Common viral causes of pericarditis include coxsackieviruses, adenoviruses, cytomegalovirus, and enteroviruses.^3,5 EBV, a human herpes virus, is transmitted mainly via oral secretions with sexual transmission implicated in some cases. EBV is most often associated with infectious mononucleosis and malignancies such as Burkitt lymphoma, Hodgkin lymphoma, and nasopharyngeal carcinoma.⁶ It has been reported as an uncommon cause of pericarditis, and less commonly is it associated with pericardial effusion, with only a few reported cases in the literature. As such, data regarding the epidemiology and risk factors of EBV-associated pericardial effusions are limited.⁷

Diagnosis of EBV infection is usually confirmed by serology. Elevated viral IgM antibody titers usually indicate an acute infection, whereas IgG-positive titers typically indicate a past, resolving, or resolved infection. However, a significant rise in virus-specific IgG titer, usually more than four times the upper limit of normal, may also be seen in recent infections.⁸

In our case, it is postulated that the patient’s pericardial effusion was a slow-developing product of an immune system still attempting to quell the effects of a likely asymptomatic EBV infection. Our patient revealed no prior symptoms possibly related to prior EBV infection, however, laboratory investigations showed significantly elevated levels of IgG viral titers in addition to high-titer positive PCR for EBV. More importantly, the aforementioned became more relevant in our case after a plethora of other known etiologies of pericardial effusion were ruled out.

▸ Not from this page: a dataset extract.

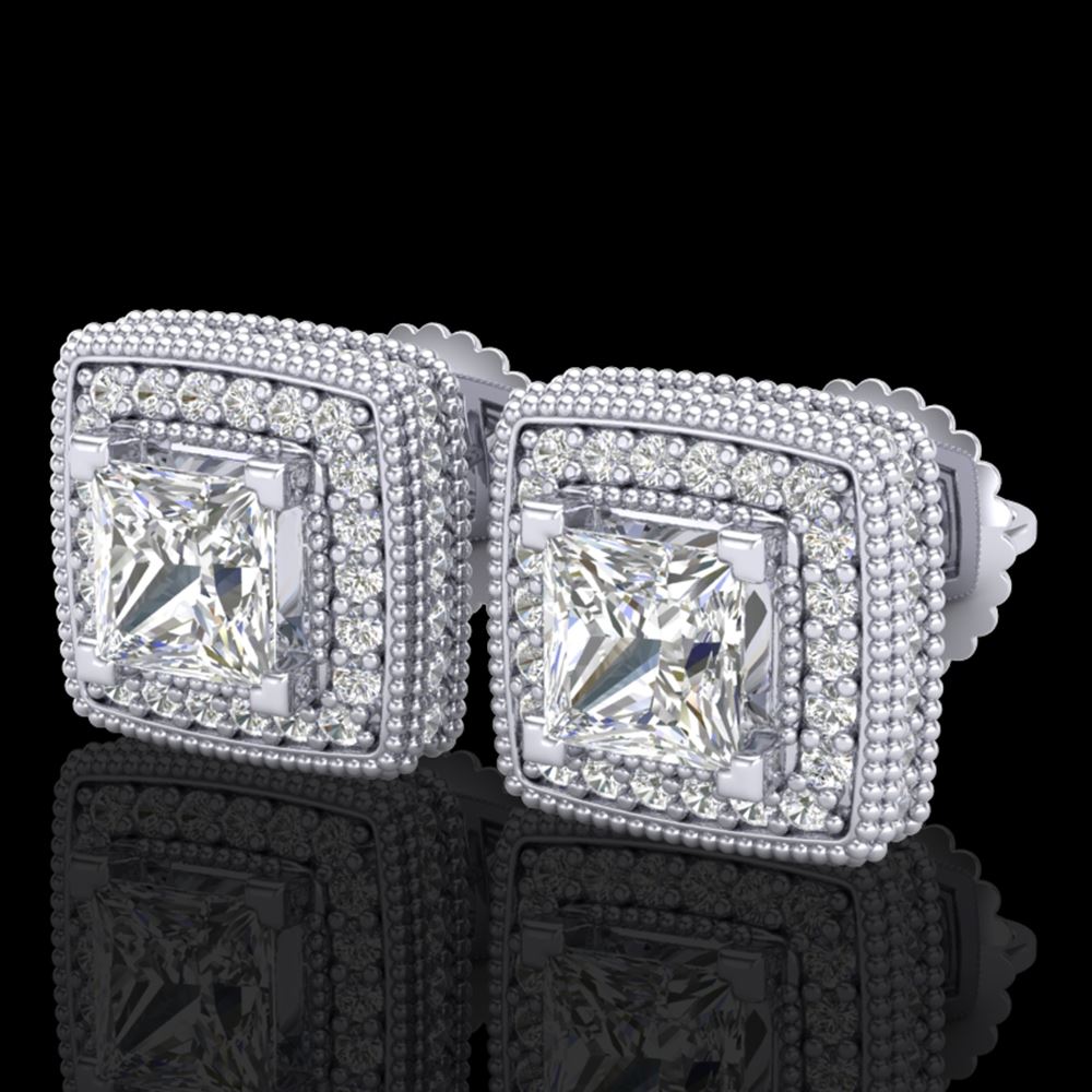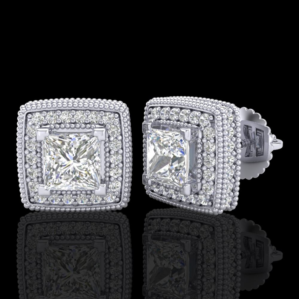 REF-285X5A - SKU: 37127 ---- 2.01 ctw Princess VS/SI Diamond Art Deco Earrings 18k White Gold

Other than the large pericardial effusion, we believe his cocaine use also partly contributed to his presenting symptoms and overall presentation. There have been hypotheses and a few case reports of cocaine being tainted with levamisole, which in turn can trigger vasculitis that can lead to pleural and pericardial effusions.⁹ However, the significantly positive EBV DNA PCR and IgG titers better fit our leading differential for the patient. Additional evidence supporting the patient’s diagnosis is the result of the pericardial fluid analysis demonstrating an exudative sample by Light criteria, with microscopy showing many lymphocytes, few mesothelial cells, and no malignant cells, similar to the few other reported cases of EBV-associated pericardial effusions.^3,7,10

Currently, there are no evidence-backed guidelines regarding prevention of pericarditis. Avoidance of surgical instrumentation with the pericardium could be considered a preventative strategy. In our case, the patient was counseled in the cessation of his illicit substance abuse.

Conclusion. Although numerous cases of EBV infection occur each year, an overwhelming majority are self-limited, and cardiac complications of EBV infection, such as pericarditis or pericardial effusion, are uncommon. Similarly to the case we present here, a diagnosis of EBV-associated pericardial effusion is often made in the presence of an exudative pericardial effusion in the presence of positive EBV-serology, with negative work-up for other more common infectious and inflammatory causes. Epidemiological data and risk factors of cardiac involvement in EBV infection remain to be further elucidated.